--- Records to process Enclosed Below ---
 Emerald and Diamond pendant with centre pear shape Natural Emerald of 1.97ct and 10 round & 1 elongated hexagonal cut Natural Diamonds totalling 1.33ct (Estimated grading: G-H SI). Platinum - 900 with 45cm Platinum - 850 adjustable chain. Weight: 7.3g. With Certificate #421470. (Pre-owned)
--- End of Enclosed Records to process ---
--- Records to process Enclosed Below ---
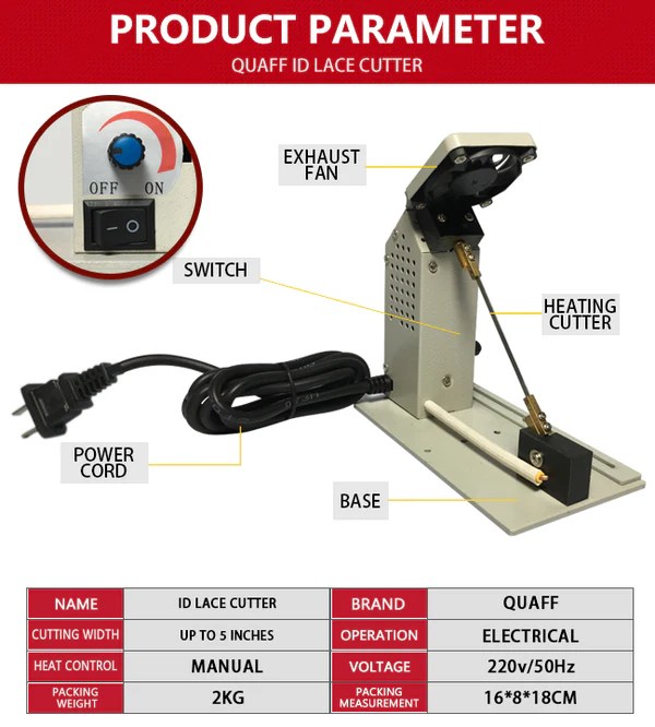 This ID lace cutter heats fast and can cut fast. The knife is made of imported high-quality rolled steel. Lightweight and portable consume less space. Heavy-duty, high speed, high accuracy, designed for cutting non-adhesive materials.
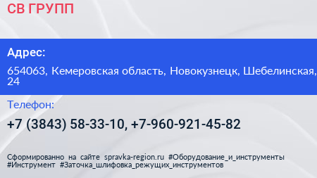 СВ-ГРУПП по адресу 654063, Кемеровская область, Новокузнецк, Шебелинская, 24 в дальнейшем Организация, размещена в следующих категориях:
--- End of Enclosed Records to process ---
Aim of the exercise
Output exactly, and only, the lines of the entries above from the one with "This ID lace" up to and including the one with "СВ-ГРУПП по адресу"; pictures are to be left out.

Finished task
 This ID lace cutter heats fast and can cut fast. The knife is made of imported high-quality rolled steel. Lightweight and portable consume less space. Heavy-duty, high speed, high accuracy, designed for cutting non-adhesive materials.
 СВ-ГРУПП по адресу 654063, Кемеровская область, Новокузнецк, Шебелинская, 24 в дальнейшем Организация, размещена в следующих категориях:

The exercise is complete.